Friday, December 19, 2014

NLRB: Employees May Use Employer Email on Nonworking Time

On December 11, 2014, the National Labor Relations Board issued a greatly anticipated decision in Purple Communications , Inc. v. Communications Workers of America, AFL-CIO. The Board held employees may use employer email systems for statutorily protected communications on nonworking time, unless the employer shows a business justification for prohibiting it. In reaching this decision, the Board overruled prior case law to respond to technological changes in society.

The Board overruled its 2007 decision in Register Guard, finding it "was clearly incorrect." Register Guard held an employer may completely prohibit employees from using the employer's email system for concerted activities protected under Section 7 of the National Labor Relations Act. Register Guard allowed employers to completely ban employees from using the employers email system for these purposes without demonstrating any business justification, so long as the ban was not applied discriminatorily.
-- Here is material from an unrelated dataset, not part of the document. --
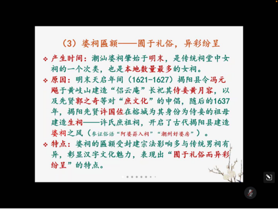 2022年12月9日19时,我院以线上会议的形式,举办了第九期山大文苑沙龙“匪石柏舟——潮汕女祠对话徽州女祠”。本次沙龙邀请了从事汉语言文化教学和潮汕地方文化研究的谢若秋副教授介绍潮汕女祠,并由公司 2020级本科生、安徽籍霍婧雯同学 介绍徽州女祠,探讨两地女祠的成因、特点,比较两地女祠的共同点和不同点,并深入发掘各自的历史文化内涵,剖析人文意义。沙龙由公司副教授张燕芬主持,吸引了校内外共二百多位师生参与。

Purple Communications overruled Register Guard, finding it undervalued employees' core Section 7 right to communicate in the workplace about their terms and conditions of employment, and granted too much weight to employers' property right. The Board noted statistics showing email has become the most pervasive form of communication in the business world. The Board also discussed the Supreme Court's decision in City of Ontario, California v. Quon, which found some personal use of employer email is common and usually accepted by employers.

The Board stressed its holding in Purple Communications is "carefully limited." The holding only applies to employees who have already been granted access to the employer's email system and does not require employers to provide such access. Also, an employer may justify a total ban on nonwork use of email by showing the ban is necessary to maintain production or discipline.  Employers may also impose uniform and consistent controls over its email system to the extent necessary to maintain production and discipline. The holding is limited to email access, and does not extend to other forms of electronic communication. Although a small step, this decision shows the Board's willingness to adapt to ever-increasing technological changes.

This decision is about access to employers' email systems, not confidentiality of those emails.  It is possible some employers will read emails sent through their email systems and labor leaders should use caution about what they send on an employers' email system.